Jan
31

Bible Reading for January 31 – Exodus 4-6

Home > Updates > Bible Reading for January 31 – Exodus 4-6

Is there anyone we can believe anymore? As the impeachment trial goes on, and as different lawyers make mutually exclusive claims, how can we possibly know who is telling the truth? And as yet another Federal election season is upon us, we’ll hear all sorts of candidates making improbable promises and attacking their opponents with ever-increasing venom. For whom should we vote? And once they get into office, how do we know they’ll be able, or even willing, to keep their promises?

It’s easy in times like these to fall into cynicism, to believe that everyone is lying. And the more times we are disappointed, the harder it is for us to believe that anyone can be trusted. That seems to be the situation in which the Israelites found themselves in Exodus 6:9 – their spirits had been broken so severely that they couldn’t muster up any hope in Moses’ promises of deliverance.

But the good news is that when God makes promises, we can believe Him. And why? Because of Who He is – the Lord. The name God uses for Himself means something like, “The One Who Is,” or “The Self-Existing One.” God’s existence doesn’t depend on anyone or anything else because He made everything else that exists.
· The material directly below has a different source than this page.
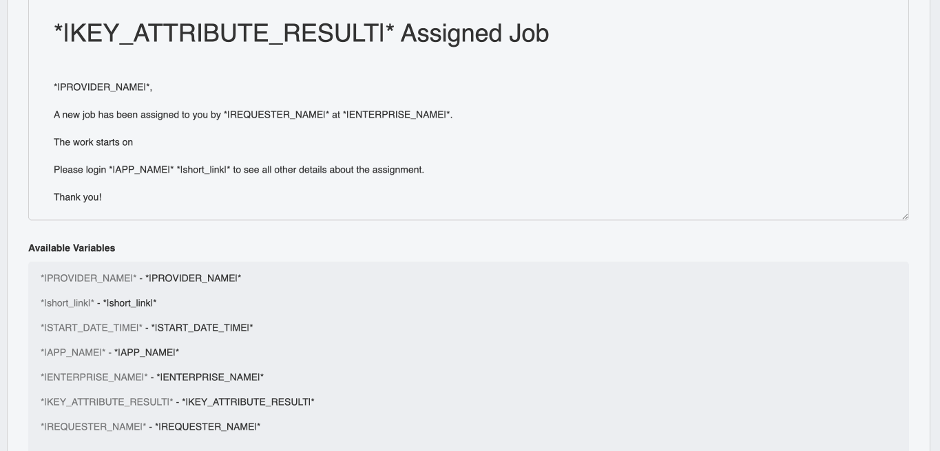 To use a variable in the template, copy the light grey text and paste the specific one you are needing into either the subject line or the body of the text.

And this Almighty Creator has made promises to people throughout history. In verse 4, He reminds the people of the promises He made to Abraham, Isaac, and Jacob, and the mention of their names should have given the people hope for the future. For after all, God had told the Patriarchs that He would make their descendants into a great nation – and at the time of Moses, the children of Israel had come to comprise 600,000 men, not counting women and children (see Exodus 12:37). They themselves were thus living proof that God is faithful to His Word.

And God would indeed go on to keep the rest of the promises He made in today’s passage. He would release the people from slavery in Egypt, by accomplishing mighty miracles (v. 6). And He would bring them to the land of Canaan, as He promised Abraham, Isaac, and Jacob (v. 8). Yes, ours is a promise-keeping God, a God we can trust.

And that’s important because of the last promise He made to the people – that He would take them to be His own people, and that He would become their God. That is a promise He still extends to all who will shake off our cynicism and trust in Him, accepting the sacrifice Christ made on our behalf and bowing the knee to Him as Lord. Will we take Him at His Word, and give ourselves to the One Who made us for His glory?

Exodus 6:2-9 (ESV)

2 God spoke to Moses and said to him, “I am the LORD.
3 I appeared to Abraham, to Isaac, and to Jacob, as God Almighty, but by my name the LORD I did not make myself known to them.
4 I also established my covenant with them to give them the land of Canaan, the land in which they lived as sojourners.
5 Moreover, I have heard the groaning of the people of Israel whom the Egyptians hold as slaves, and I have remembered my covenant.
6 Say therefore to the people of Israel, ‘I am the LORD, and I will bring you out from under the burdens of the Egyptians, and I will deliver you from slavery to them, and I will redeem you with an outstretched arm and with great acts of judgment.
7 I will take you to be my people, and I will be your God, and you shall know that I am the LORD your God, who has brought you out from under the burdens of the Egyptians.
8 I will bring you into the land that I swore to give to Abraham, to Isaac, and to Jacob. I will give it to you for a possession. I am the LORD.'”
9 Moses spoke thus to the people of Israel, but they did not listen to Moses, because of their broken spirit and harsh slavery.